Anche il livello di istruzione dei genitori (così come sappiamo essere vero per la situazione economica) condiziona infatti in modo rilevante quello dei figli: il 23,9% dei figli di genitori con un basso livello di istruzione abbandona precocemente gli studi e solo il 12,8% raggiunge il titolo terziario. Al contrario, se anche solo uno dei genitori è laureato, queste percentuali diventano rispettivamente 1,6% e 67,1%. Dati che fanno riflettere sulla scelta propagandistica di chiamare “del merito” il nostro ministero dell’Istruzione. Il merito di nascere nella famiglia giusta.
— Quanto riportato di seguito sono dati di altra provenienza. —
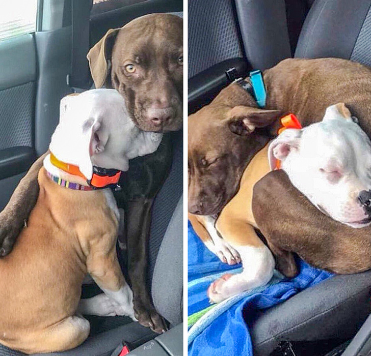 4. Це Дейзі і Місяць. Дейзі боїться поїздок на машині, і Місяць робить все можливе, щоб їй було спокійніше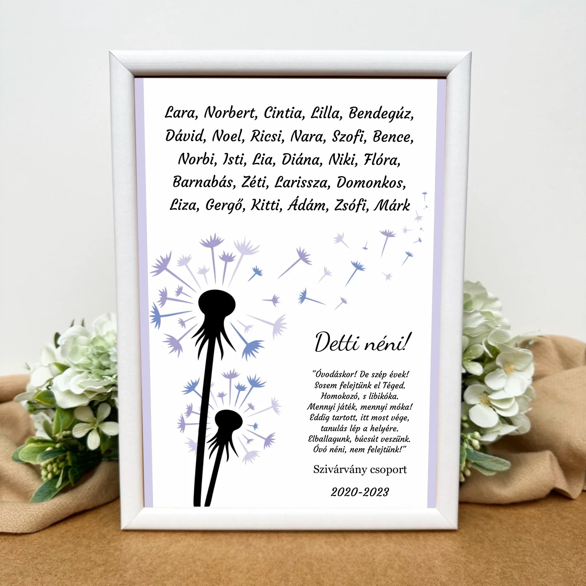 Szívet melengető, keretezett kép, amely remek ajándék óvónőknek ballagásra. Lepd meg őt az ovis csoport nevében. Biztosan könnybe lábad majd a szeme.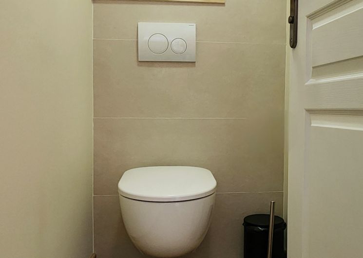 D’un WC séparé, WC suspendu avec aménagement mural, brosse et porte-papier sur pieds, poubelle.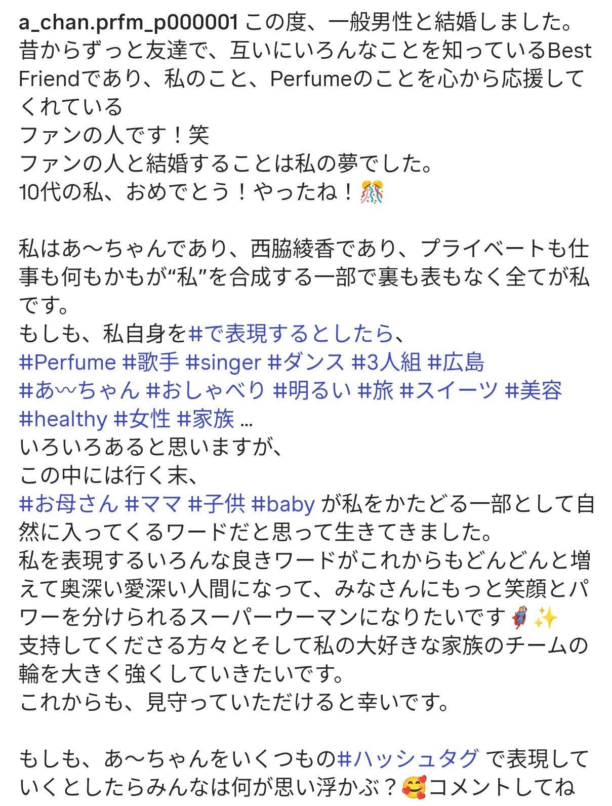 Perfumeあ~ちゃん、一般男性との結婚発表 お相手はファン「心から応援してくれている」【コメント全文】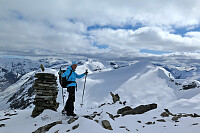 Bilder kommer ! Idag var det Geir Arne som kunne velge tur og i et samstemt fellesskap landet vi på Kvitegga som er kommunetopp i Ørsta og faktisk den toppen hvor jeg i påska 2005 besøkte sammen med Ove og flere andre og som var begynnelsen på forholdet vårt , tenk det :-) Vi hadde hatt en lng ig koselig kveld i går med god mat og drikke og hadde derfor ikke noen alpin start i dag. Vi var pakket og klar til å gå fra hovedveien i Nibbedalen rundt kl 10.30. Det var skibæring etter rødmerket og tydelig sti oppover Tryggestadbakkene som fører opp til Snødalen. Stien var grei å følge, men gikk tidvis gjennom ganske så tett småbjørkeskog så med ski og skisko på sekken hadde det vært greit om den hadde vært bedre ryddet. Det gikk likevel ganske så radig oppover til Snødalen hvor >>>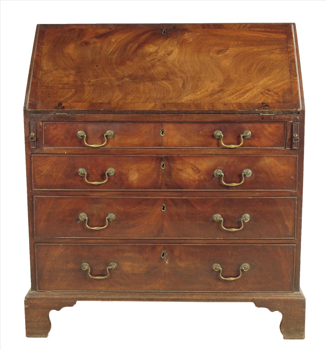 A George III mahogany bureau possibly by Thomas Chippendale, the crossbanded fall revealing drawers and pigeon holes, above four long graduated drawers each with a 'S' shape keyhole and bracket feet, 42in (106.6cm) high, 37¾in (95.5cm) wide, 20¾in (52.5cm) deep.

Questo fatto è ancora più grave dal momento che, come dimostrano i dati dell’Istat, il livello di istruzione è un fattore importante nel ridurre le profonde diseguaglianze che attraversano il nostro mondo del lavoro e che pure i dati di oggi confermano in tutta la loro drammaticità: al crescere del livello di istruzione si riducono i divari del tasso di occupazione fra generi (che resta di più di 19 punti percentuali), fra generazioni e fra territori. Si riduce l’incidenza del part time involontario e del lavoro a termine, e quindi la precarietà del lavoro.
Restano invece molto bassi i premi occupazionali dell’istruzione per i cittadini stranieri. E anche su questa evidenza di discriminazione occorrerebbe riflettere”.
Lo scrive in una nota Maria Cecilia Guerra, responsabile Lavoro del Partito Democratico.